- Your objective
Once the pictures are set aside, copy the data below exactly as it stands.

- Data in this exercise

==============================

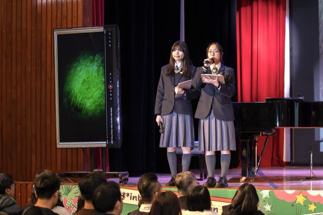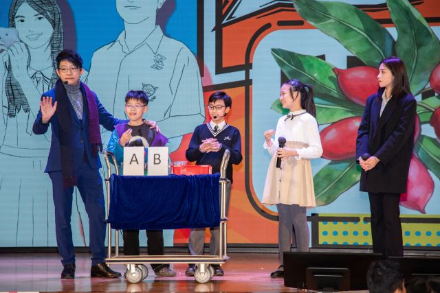 接着進入「樂學及國際化」環節。學校提供豐富多元化活動,緊扣SPIRE(心、體、智、人、情)理念,推行休整日、SMART及Growth Mindset,並透過三星計劃(人才庫、星星計劃、生涯規劃)讓學生在快樂中茁壯!尹校長與1D班李悅泓同學、周博雯老師及兩位小學生一起進行「神秘果」實驗,讓苦澀食物瞬間變甜,藉食物科學展示融入IB元素的課程,充滿驚喜與啟發!
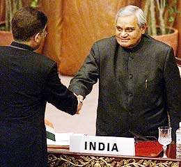 巴總統(tǒng)在南亞首腦會(huì)向印總理伸出友誼之手(圖) 2002年01月05日 15:45 ![]() 中新網(wǎng)北京1月5日消息:巴基斯坦總統(tǒng)穆沙拉夫在剛剛揭幕的南亞區(qū)域合作聯(lián)盟首腦會(huì)議上發(fā)表演說(shuō)后,主動(dòng)與印度總理瓦杰帕伊握手。 巴基斯坦總統(tǒng)穆沙拉夫發(fā)表演說(shuō)指出,所有與會(huì)代表地位必須平等,各國(guó)要尋求長(zhǎng)遠(yuǎn)的辦法,解決地區(qū)內(nèi)事務(wù)爭(zhēng)端.他還說(shuō),巴基斯坦是恐怖主義的受害者,并重申他已準(zhǔn)備好同印度展開(kāi)對(duì)話。他在結(jié)束發(fā)言之前,主動(dòng)提到與印度的緊張關(guān)系,并表明愿意隨時(shí)與印度展開(kāi)和平對(duì)話以及愿意伸出真正友誼之手,然后他就步向瓦杰帕伊與他握手。 而印度總理瓦杰帕伊則感謝穆沙拉夫主動(dòng)向他伸出友誼之手,并呼吁雙方停止無(wú)意義的暴力沖突。他稱印度一直積極尋求同巴基斯坦和談,但依然受到襲擊。他還說(shuō),印度在近二十年間不斷受國(guó)際恐怖主義侵襲,全球必須合作打擊恐怖主義。 印巴關(guān)系因?yàn)橛《葒?guó)會(huì)遇襲事件而惡化,雙方均在邊境部署軍隊(duì)并不時(shí)交火。印度總理瓦杰帕伊要求巴基斯坦采取強(qiáng)硬手段對(duì)付境內(nèi)極端份子,否則拒絕與穆沙拉夫直接對(duì)話。兩國(guó)領(lǐng)袖昨晚在尼泊爾皇宮參加晚宴期間沒(méi)有直接接觸。  |
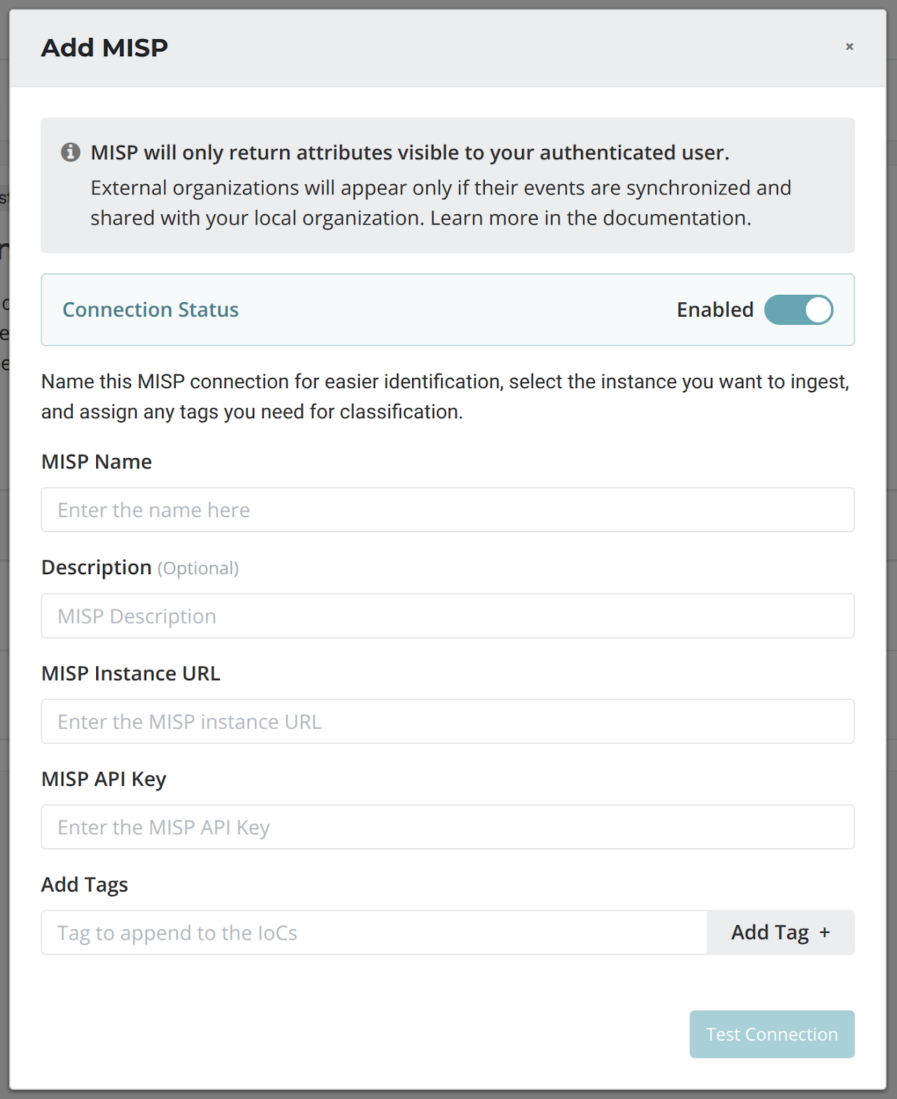 https://misp.example.com6. Once you fill up the form, click Test Connection to verify the connectivity.
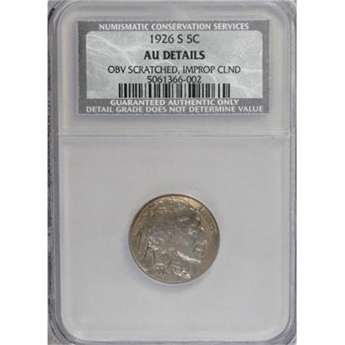 <B>1926-S 5C --Obverse Scratched, Improperly Cleaned--NCS. AU Details</B></I> The 1926-S has the lowest mintage (970,000 pieces) of any regular issue in the Buffalo nickel series. AU coins are difficult to locate, and Mint State examples are scarce to rare. Bright, lightly toned surfaces reveal a few shallow scratches on the lower obverse of this AU Details specimen. All of the design elements show good definition. The scratches are not that bad, and the cleaning was light. Interested bidders should not be intimidated by these minor flaws.<BR><BR><b>Shipping:</b> Coins & Currency (<a target="_blank" href="http://www.heritageauctions.com/common/shipping.php">view shipping information</a>)
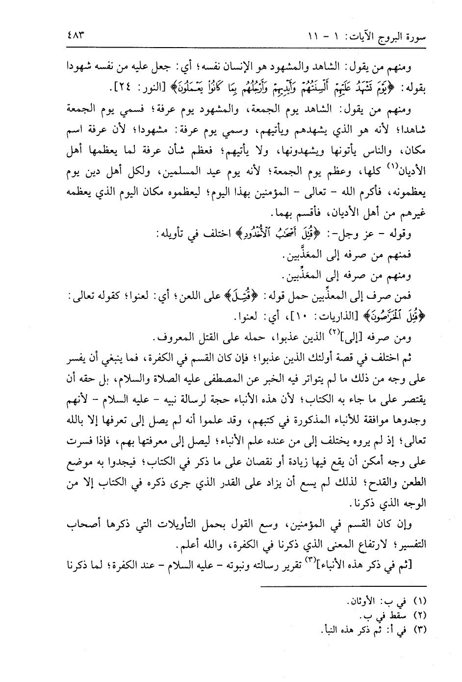 ثم اختلف في قصة أُولَئِكَ الذين عذبوا؛ فإن كان القسم في الكفرة، فما ينبغي أن يفسر على وجه من ذلك ما لم يتواتر فيه الخبر عن المصطفى عليه الصلاة والسلام، بل حقه أن يقتصر على ما جاء به الكتاب؛ لأن هذه الأنباء حجة لرسالة نبيه - عليه السلام - لأنهم وجدوها مواققة للأنباء المذكورة في كتبهم، وقد علموا أنه لم يصل إلى تعرفها إلا بالله تعالى؛ إذ لم يروه يختلف إلى من عنده علم الأنباء؛ ليصل إلى معرفتها بهم، فإذا فسرت على وجه أمكن أن يقع فيها زيادة أو نقصان على ما ذكر في الكتاب؛ فيجدوا به موضع الطعن والقدح؛ لذلك لم يسع أن يزاد على القدر الذي جرى ذكره في الكتاب إلا من الوجه الذي ذكرنا.
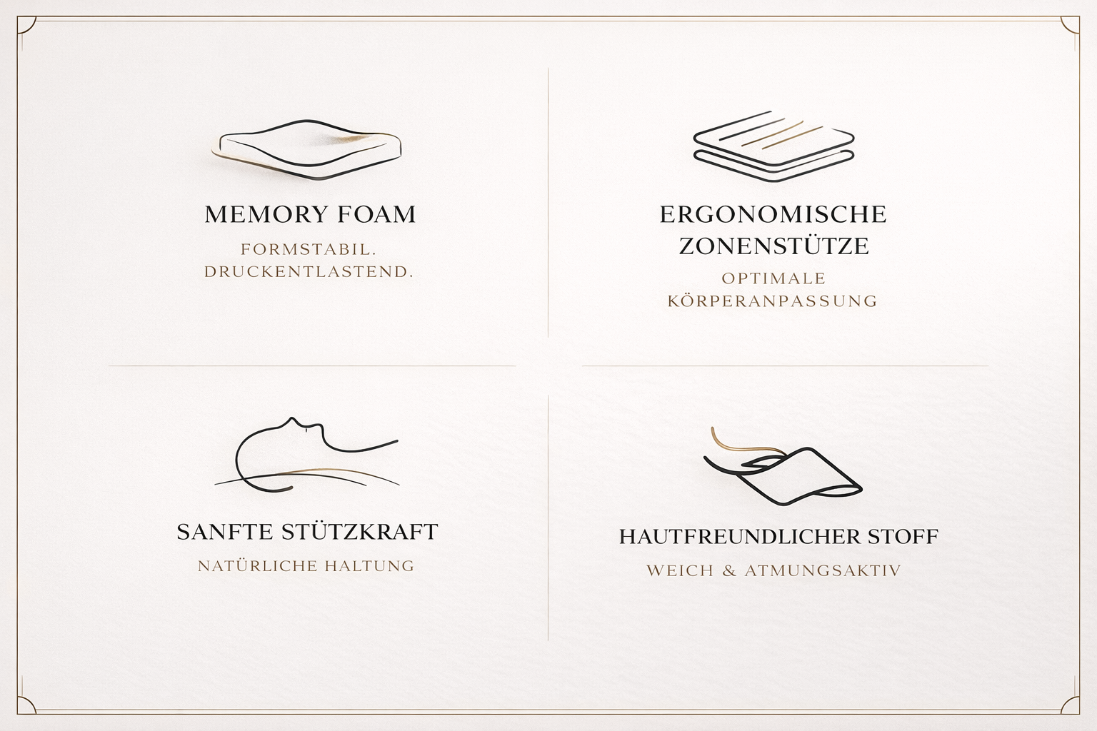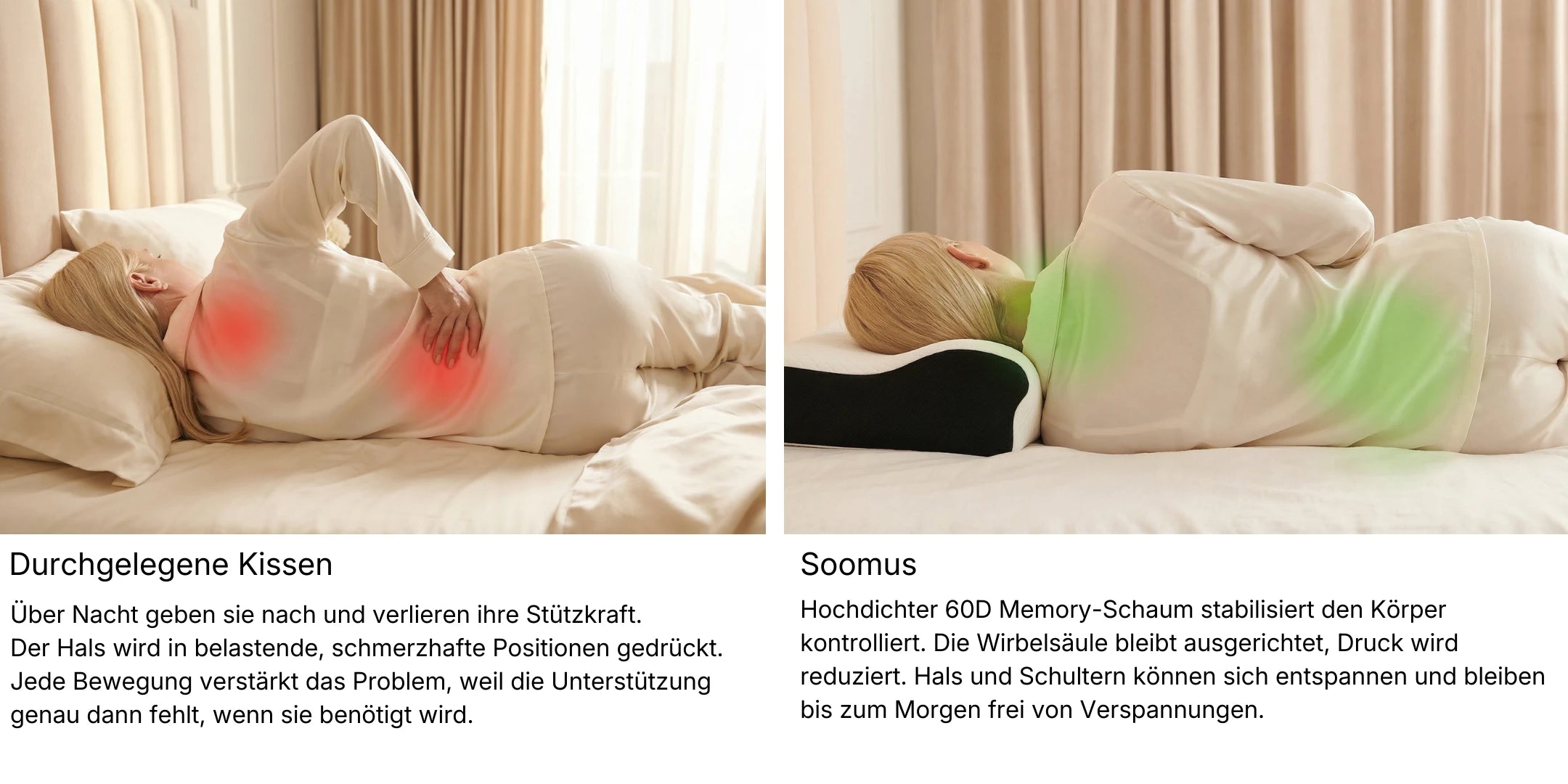 Schnarchen entsteht häufig durch eine falsche Schlafhaltung, die die Atemwege einengt. Soomus korrigiert genau das. Es richtet den Hals aus, stabilisiert die Schlafposition und hält die Atemwege offen, sodass Sie ruhig, tief und ungestört schlafen können. Eine kleine Veränderung mit großer Wirkung. Mehr Luft, mehr Ruhe, mehr Energie am Morgen.
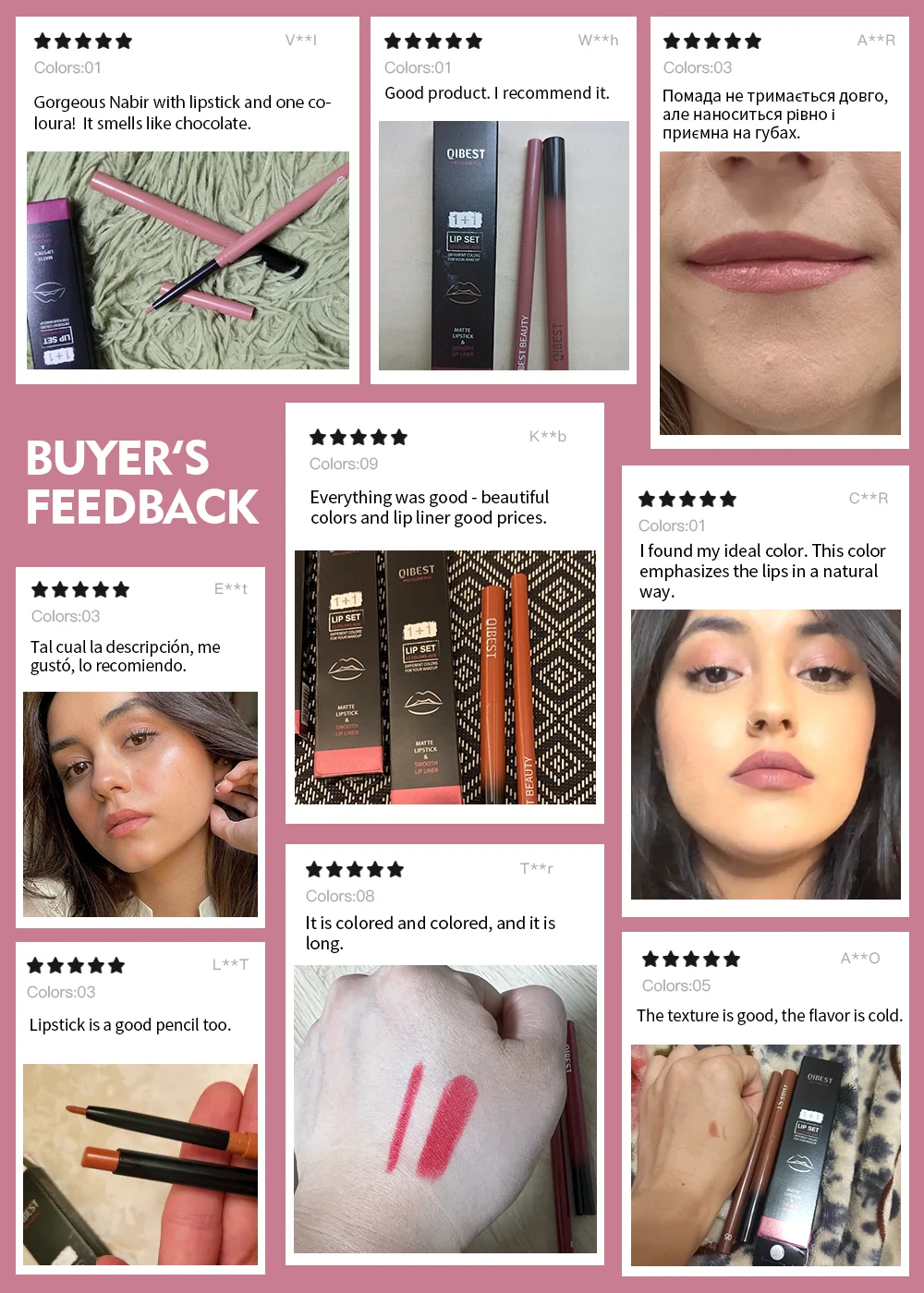 10 reviews for QIBEST 2pcs Lipstick Lipliner Pen Set Matte Nude Lip Liner Pencil Waterproof Long Lasting Lipstick Pen Contour Makeup For Women

==============================

- Output
 接着進入「樂學及國際化」環節。學校提供豐富多元化活動,緊扣SPIRE(心、體、智、人、情)理念,推行休整日、SMART及Growth Mindset,並透過三星計劃(人才庫、星星計劃、生涯規劃)讓學生在快樂中茁壯!尹校長與1D班李悅泓同學、周博雯老師及兩位小學生一起進行「神秘果」實驗,讓苦澀食物瞬間變甜,藉食物科學展示融入IB元素的課程,充滿驚喜與啟發!
 巴總統(tǒng)在南亞首腦會(huì)向印總理伸出友誼之手(圖) 2002年01月05日 15:45 ![]() 中新網(wǎng)北京1月5日消息:巴基斯坦總統(tǒng)穆沙拉夫在剛剛揭幕的南亞區(qū)域合作聯(lián)盟首腦會(huì)議上發(fā)表演說(shuō)后,主動(dòng)與印度總理瓦杰帕伊握手。 巴基斯坦總統(tǒng)穆沙拉夫發(fā)表演說(shuō)指出,所有與會(huì)代表地位必須平等,各國(guó)要尋求長(zhǎng)遠(yuǎn)的辦法,解決地區(qū)內(nèi)事務(wù)爭(zhēng)端.他還說(shuō),巴基斯坦是恐怖主義的受害者,并重申他已準(zhǔn)備好同印度展開(kāi)對(duì)話。他在結(jié)束發(fā)言之前,主動(dòng)提到與印度的緊張關(guān)系,并表明愿意隨時(shí)與印度展開(kāi)和平對(duì)話以及愿意伸出真正友誼之手,然后他就步向瓦杰帕伊與他握手。 而印度總理瓦杰帕伊則感謝穆沙拉夫主動(dòng)向他伸出友誼之手,并呼吁雙方停止無(wú)意義的暴力沖突。他稱印度一直積極尋求同巴基斯坦和談,但依然受到襲擊。他還說(shuō),印度在近二十年間不斷受國(guó)際恐怖主義侵襲,全球必須合作打擊恐怖主義。 印巴關(guān)系因?yàn)橛《葒?guó)會(huì)遇襲事件而惡化,雙方均在邊境部署軍隊(duì)并不時(shí)交火。印度總理瓦杰帕伊要求巴基斯坦采取強(qiáng)硬手段對(duì)付境內(nèi)極端份子,否則拒絕與穆沙拉夫直接對(duì)話。兩國(guó)領(lǐng)袖昨晚在尼泊爾皇宮參加晚宴期間沒(méi)有直接接觸。  |
 https://misp.example.com6. Once you fill up the form, click Test Connection to verify the connectivity.
 <B>1926-S 5C --Obverse Scratched, Improperly Cleaned--NCS. AU Details</B></I> The 1926-S has the lowest mintage (970,000 pieces) of any regular issue in the Buffalo nickel series. AU coins are difficult to locate, and Mint State examples are scarce to rare. Bright, lightly toned surfaces reveal a few shallow scratches on the lower obverse of this AU Details specimen. All of the design elements show good definition. The scratches are not that bad, and the cleaning was light. Interested bidders should not be intimidated by these minor flaws.<BR><BR><b>Shipping:</b> Coins & Currency (<a target="_blank" href="http://www.heritageauctions.com/common/shipping.php">view shipping information</a>)
 ثم اختلف في قصة أُولَئِكَ الذين عذبوا؛ فإن كان القسم في الكفرة، فما ينبغي أن يفسر على وجه من ذلك ما لم يتواتر فيه الخبر عن المصطفى عليه الصلاة والسلام، بل حقه أن يقتصر على ما جاء به الكتاب؛ لأن هذه الأنباء حجة لرسالة نبيه - عليه السلام - لأنهم وجدوها مواققة للأنباء المذكورة في كتبهم، وقد علموا أنه لم يصل إلى تعرفها إلا بالله تعالى؛ إذ لم يروه يختلف إلى من عنده علم الأنباء؛ ليصل إلى معرفتها بهم، فإذا فسرت على وجه أمكن أن يقع فيها زيادة أو نقصان على ما ذكر في الكتاب؛ فيجدوا به موضع الطعن والقدح؛ لذلك لم يسع أن يزاد على القدر الذي جرى ذكره في الكتاب إلا من الوجه الذي ذكرنا.
 Schnarchen entsteht häufig durch eine falsche Schlafhaltung, die die Atemwege einengt. Soomus korrigiert genau das. Es richtet den Hals aus, stabilisiert die Schlafposition und hält die Atemwege offen, sodass Sie ruhig, tief und ungestört schlafen können. Eine kleine Veränderung mit großer Wirkung. Mehr Luft, mehr Ruhe, mehr Energie am Morgen.
 10 reviews for QIBEST 2pcs Lipstick Lipliner Pen Set Matte Nude Lip Liner Pencil Waterproof Long Lasting Lipstick Pen Contour Makeup For Women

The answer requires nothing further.